» Exercise description
Leave out the pictures, and retype the remaining data exactly.

*** Opening of Information provided ***

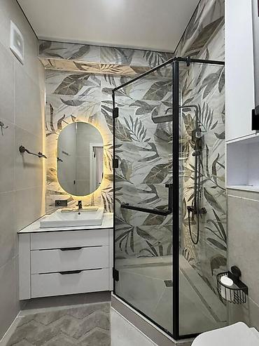 - Стильный санузел с душевой кабиной из закалённого стекла, черной фурнитурой, подвесной тумбой под раковину и подсветкой зеркала.
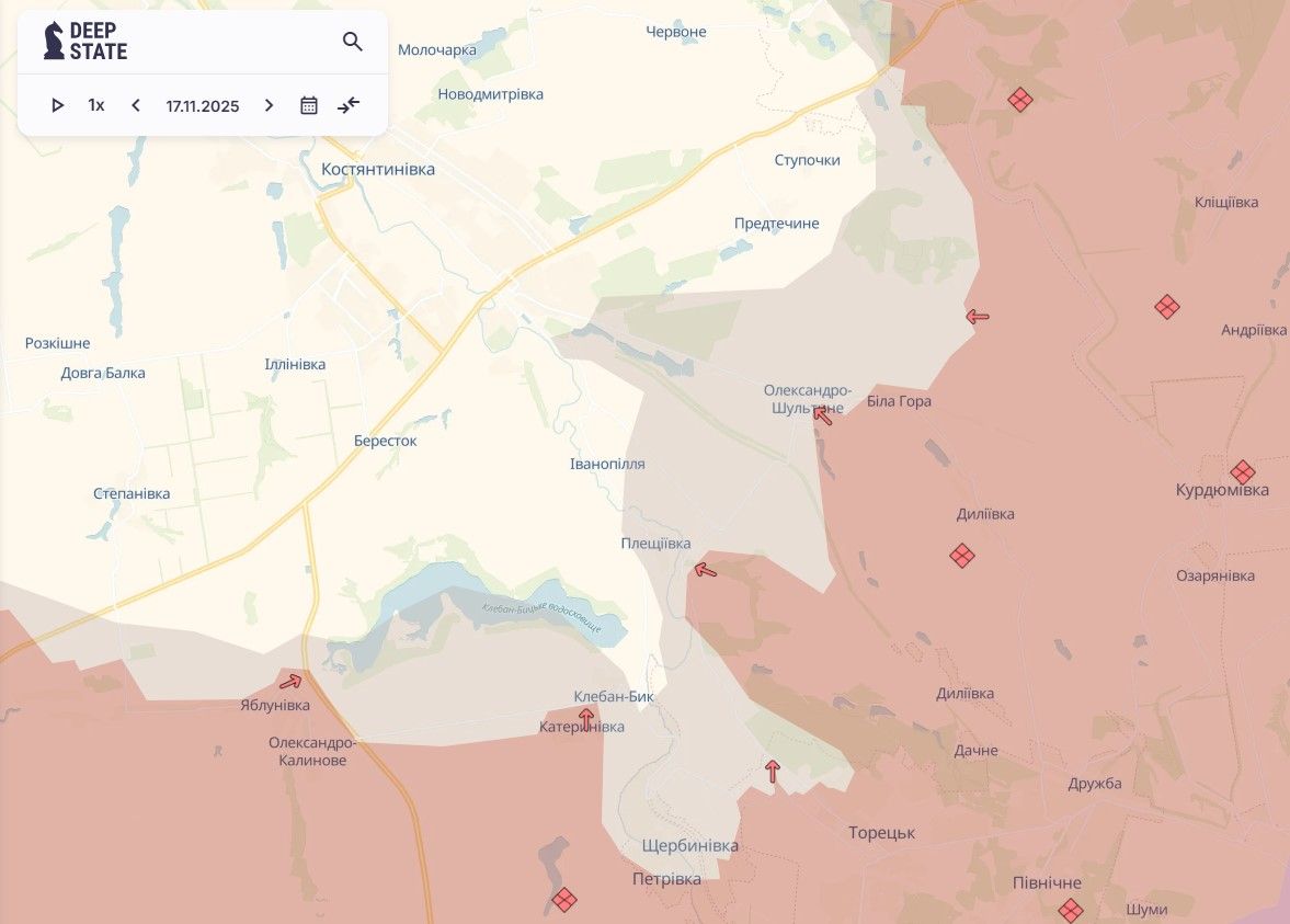 Ситуація в районі Костянтинівки / Карта DeepStateMAP
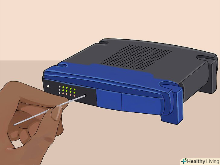 Скиньте налаштування маршрутизатора.дочекайтеся миготіння індикатора електроживлення, а потім натисніть і утримуйте кнопку "Reset" (Скидання) протягом 10 секунд.- Кнопка "Reset", як правило, розташована на задній панелі маршрутизатора поруч з кабелем живлення, але її розташування може змінюватися в залежності від моделі пристрою.

*** Close of Information provided ***

» Written solution
 - Стильный санузел с душевой кабиной из закалённого стекла, черной фурнитурой, подвесной тумбой под раковину и подсветкой зеркала.
 Ситуація в районі Костянтинівки / Карта DeepStateMAP
 Скиньте налаштування маршрутизатора.дочекайтеся миготіння індикатора електроживлення, а потім натисніть і утримуйте кнопку "Reset" (Скидання) протягом 10 секунд.- Кнопка "Reset", як правило, розташована на задній панелі маршрутизатора поруч з кабелем живлення, але її розташування може змінюватися в залежності від моделі пристрою.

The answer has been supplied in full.